Sur  ces  territoires  inégalement  pourvus  en  acteurs  gérontologiques  « traditionnels »  (services  d’aide  et  de  soins  à  domicile…),  d’autres  acteurs,  notamment  du  secteur  marchand (restaurateurs par exemple ou taxis…) se sont imposés comme compléments  essentiels des actions départementales ou municipales. Le service de repas du territoire  creusois  est  assuré  par  l’association  de  développement  local  qui  met  à  contribution  le  charcutier  traiteur  de  la  vielle  proche  pour  la  fabrication  des  repas.    Du  fait  de  la  nécessité et de la proximité, il n’est pas rare que le restaurateur local se soit offert comme  pouvant  fournir  des  repas  à  domicile  à  des  personnes  isolées  de  même  que  des  taxis  effectuent non seulement le transport mais aussi l’accompagnement des personnes pour  des  consultations  médicales  ou  des  courses.  Cette  organisation  informelle  mais  fonctionnelle  se  rapproche  des  usages  quotidiens  des  gens  âgés  qui  ne  semblent  pas  établir  de  frontières  entre  ce  qui  s’inscrit  dans  des  aides  émanant  de  la  sphère  privée  (famille, amis, voisins) et ce qui s’inscrit dans le cadre d’une offre de service public ou  parapublic.  Et  lorsqu’on  demande  aux  personnes  interviewées  ce  qui  existe  comme  services pour les personnes âgées sur leur territoire, elles mentionnent de manière non  distincte tout aussi bien les commerces, que les services publics ou encore que les aides  spécifiques.  « des  aide‐ménagères  il  y  en  a  de  plus  en  plus  qui  en  prennent,  ils  sont  subventionnés et puis il y a les soins à domicile à Genouillat, il y a des gens qui viennent les lever  et  les  coucher…(…)  Le  taxi  ambulance,  à  Bordessoule,  ça  a  pris  de  l’ampleur  depuis  quelques  années, ça s’est beaucoup développé. Sinon, il y a le café dépôt de pain, la restauration à midi, des  jeux de grattage, je peux vous dire que ça marche. » (Monsieur Courbon, 23, 1) 
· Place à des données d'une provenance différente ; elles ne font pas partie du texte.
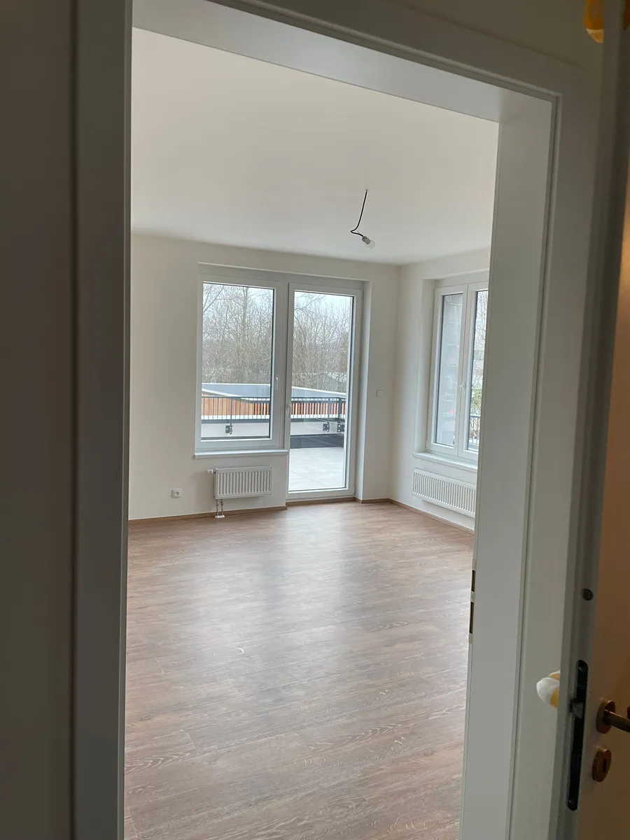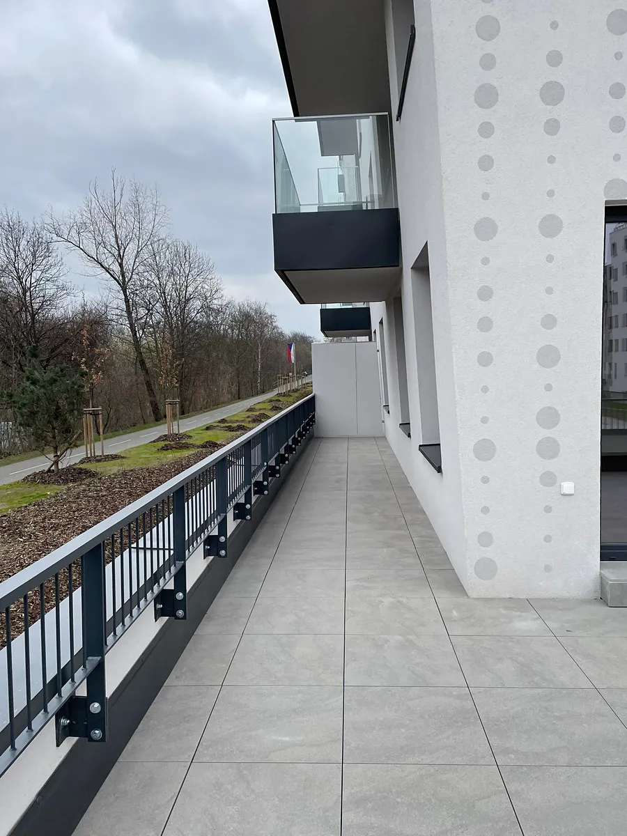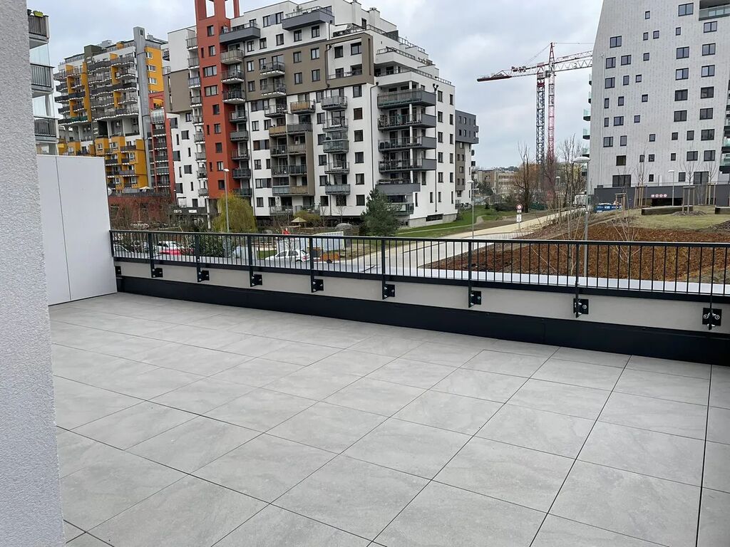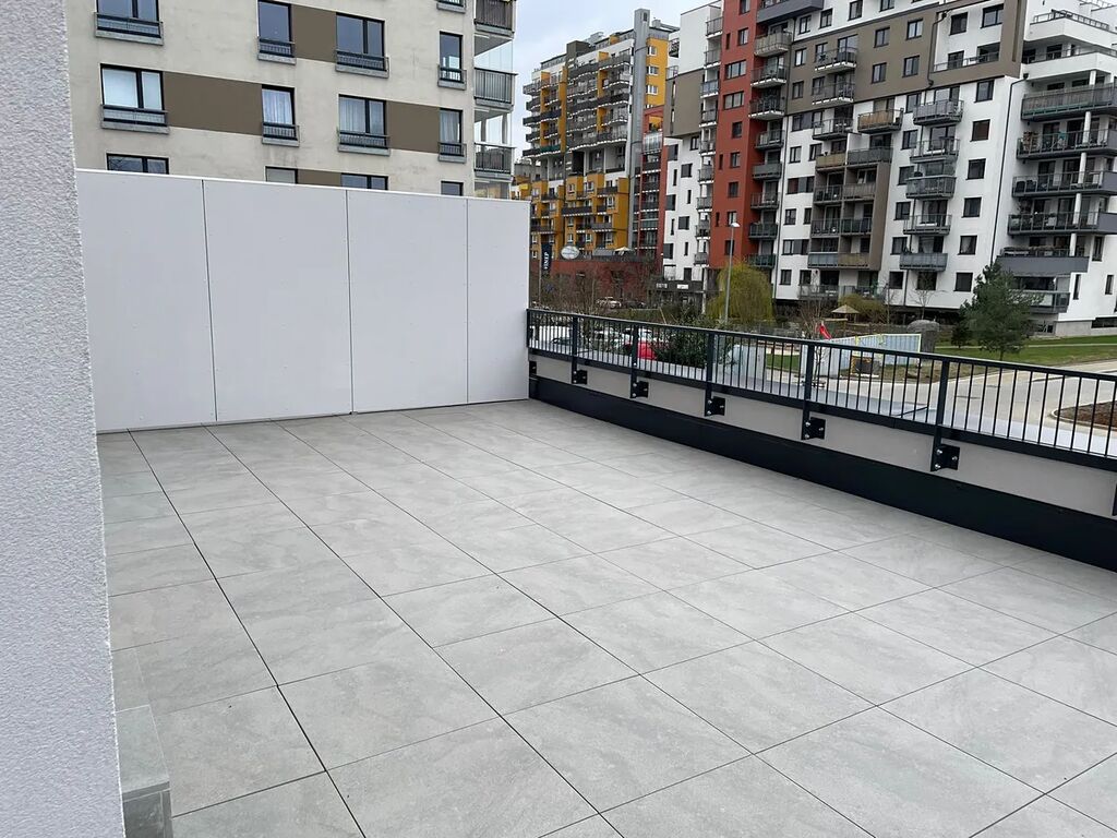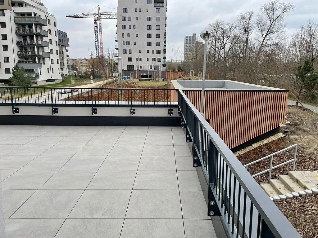 Zánovní byt s velkou terasou a garážovým stáním situovaný v 1.patře novostavby v žádané lokalitě pražské Harfy, u říčky Rokytky, s dobrou dostupností ke stanici metra B Vysočanská. Byt sestává z předsíně, koupelny s vanou a WC, komory, ložnice a obývacího pokoje s kuchyňským koutem a vstupem na rozlehlou terasu. Vybaven je novou kuchyňskou linkou s vestavěnou sklokeramickou varnou deskou, elektrickou troubou, lednicí s mrazákem a myčkou. K bytu přísluší garážové stání. Klidné prostředí, dobrá dostupnost ke stanici metra B Vysočanská nebo Českomoravská.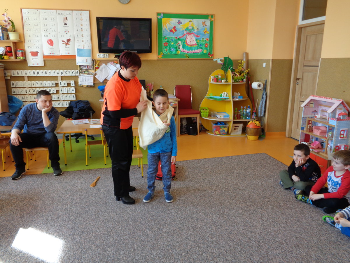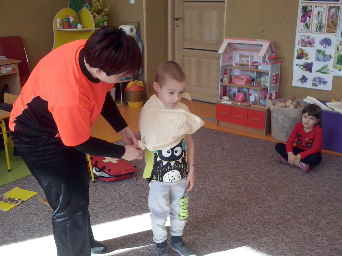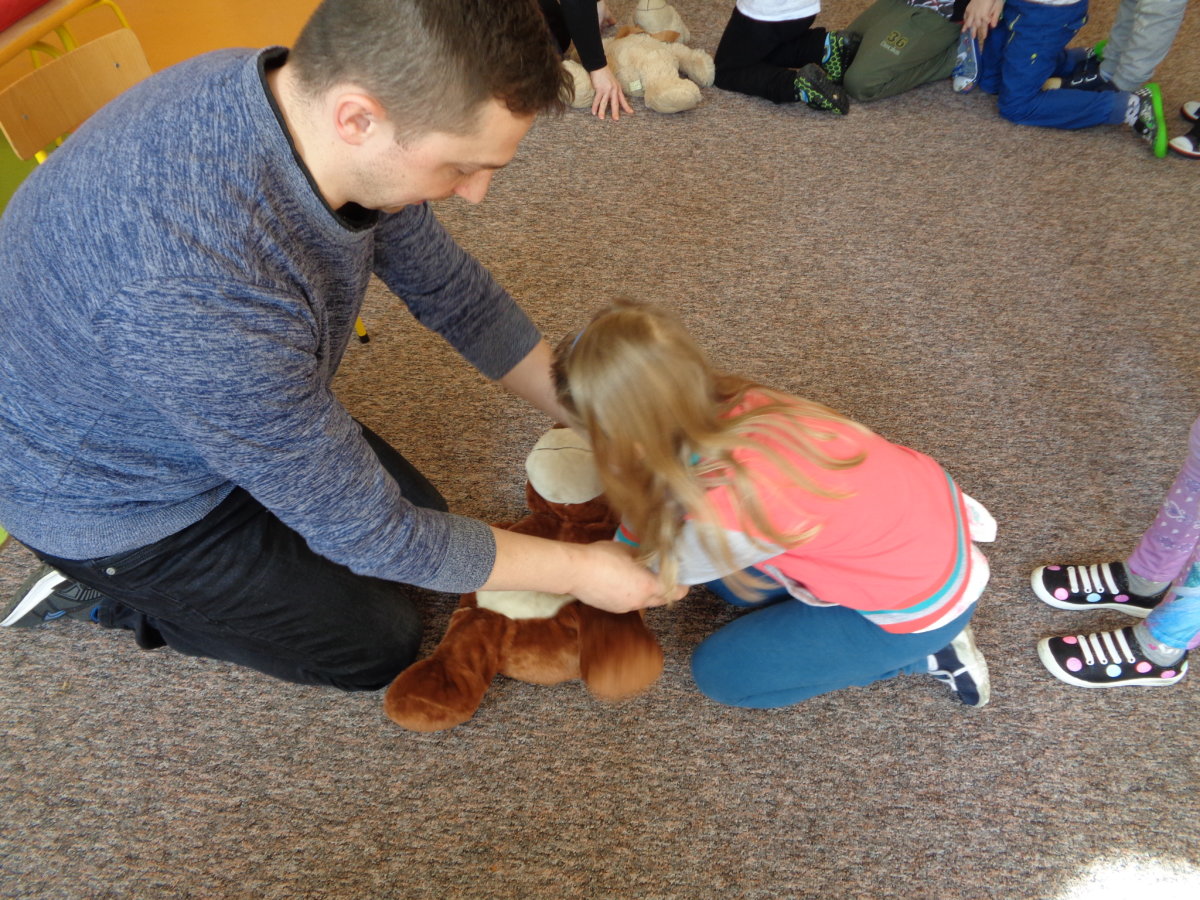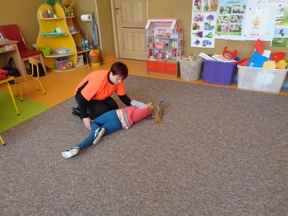 Przedszkolaki wiedzą, gdzie zadzwonić kiedy ktoś potrzebuje pomocy, w sytuacji zagrożenia życia. Jak udzielić pierwszej pomocy dowiedziały się od ratownika medycznego – wysłuchały prelekcji z instruktażem. Każdy otrzymał dyplom BARDZO DZIELNEGO RATOWNIKA.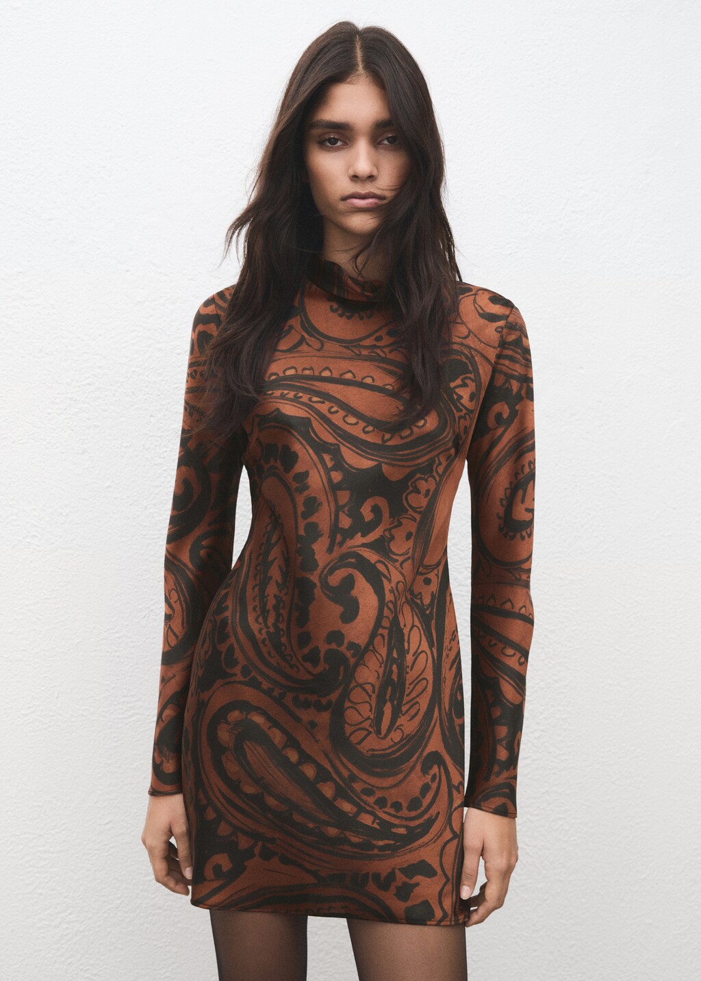 Fluid fabric with satin finish. Straight Design. Short Design. Paisley print. High neck. Long sleeve. Zip fastening on the back section. Available Plus.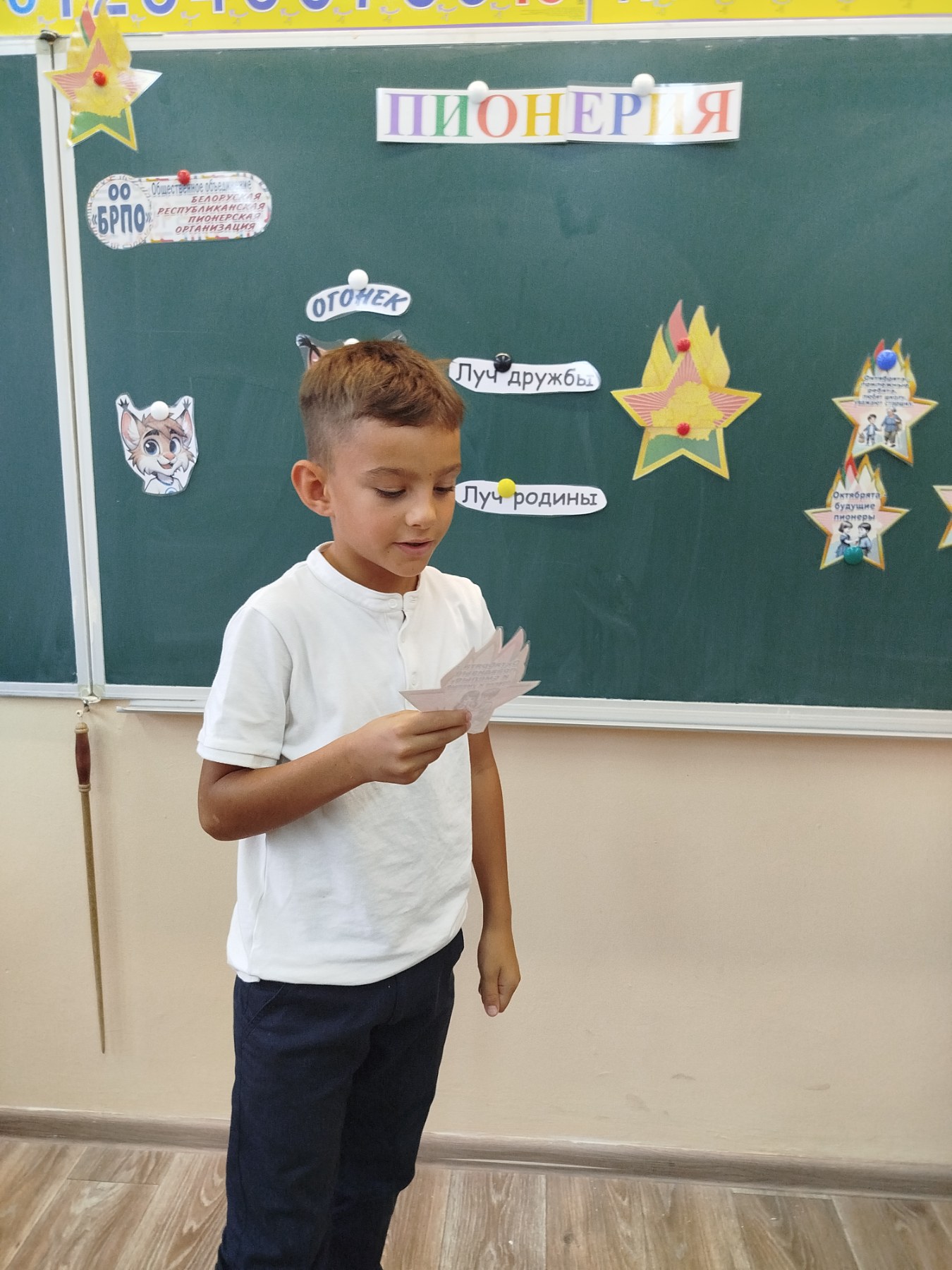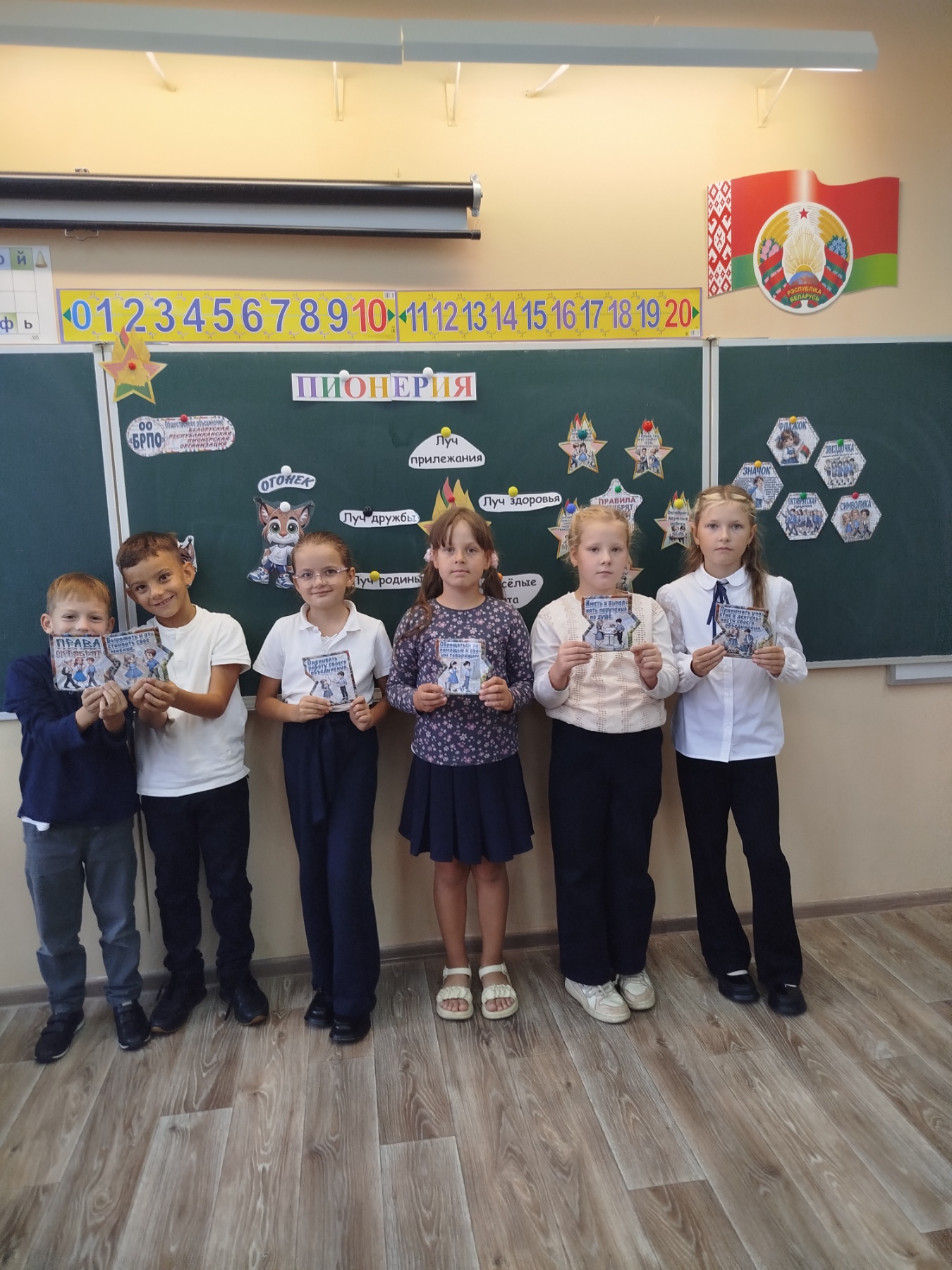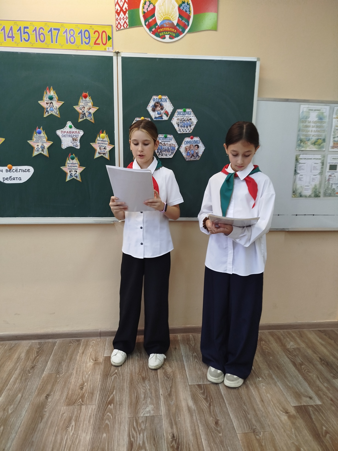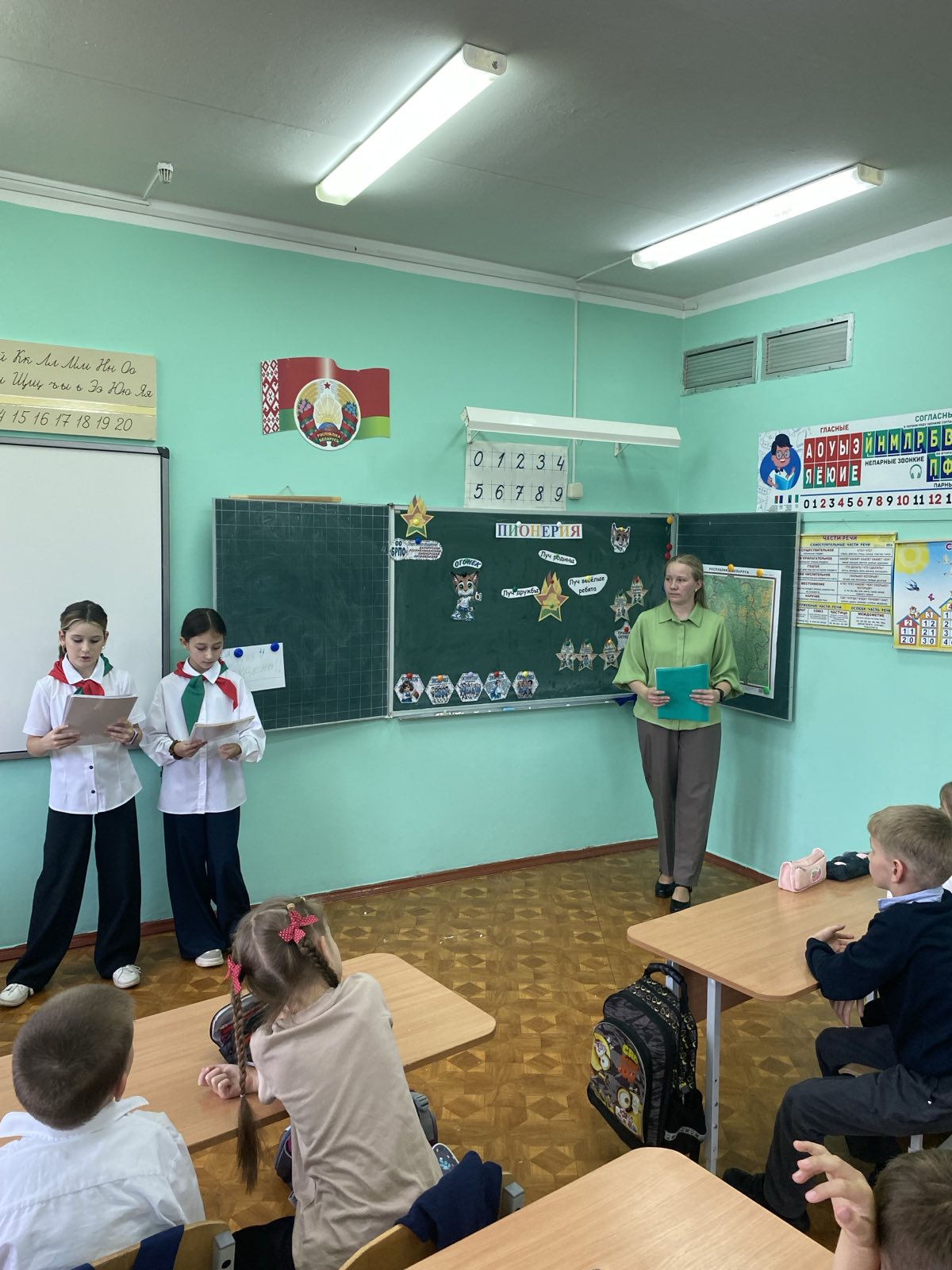 Октябрята — это первая ступень члена Белорусской республиканской пионерской организации. Учащиеся познакомились с легендой об октябрятах, совершили виртуальную экскурсию в историю детской общественной организации, изучили ее символику и узнали о происхождении и значении слова «октябрята». Активисты БРПО познакомили ребят с правилами октябрят.

Certaines  offres  de  services  renvoient  tout  autant  au  registre  de  l’aide  aux  personnes  âgées qu’à la vie locale qui s’organise autour des derniers commerces restant.  

Cependant, la place faite aux initiatives privées semble plus importante en Creuse qu’en  Ardèche.  En  effet,  l’EHPAD  existant  est  de  gestion  privée  et  le  système  des  villas‐ familys se développe également sur ce territoire.38 

En  tout  état  de  cause,  la  réorganisation  des  compétences  et  l’apparition  d’acteurs  potentiels du secteur marchand nécessitent l’invention d’arrangements qui relèvent tout  autant  de  la  volonté  politique  locale  que  des  atouts  d’une  société  d’interconnaissance  dans laquelle la proximité joue tantôt comme facteur de mise en synergie des potentiels  existants,  tantôt  comme  alibi  d’une  mise  en  concurrence  de  nature  à  desservir  les  populations  locales.  L’invention  au  quotidien  rendue  nécessaire  par  les  logiques  administratives  et  politiques  se  heurte  parfois  aux  logiques  d’intérêts  sectoriels.  (Argoud, Bessac, Daure, 2006).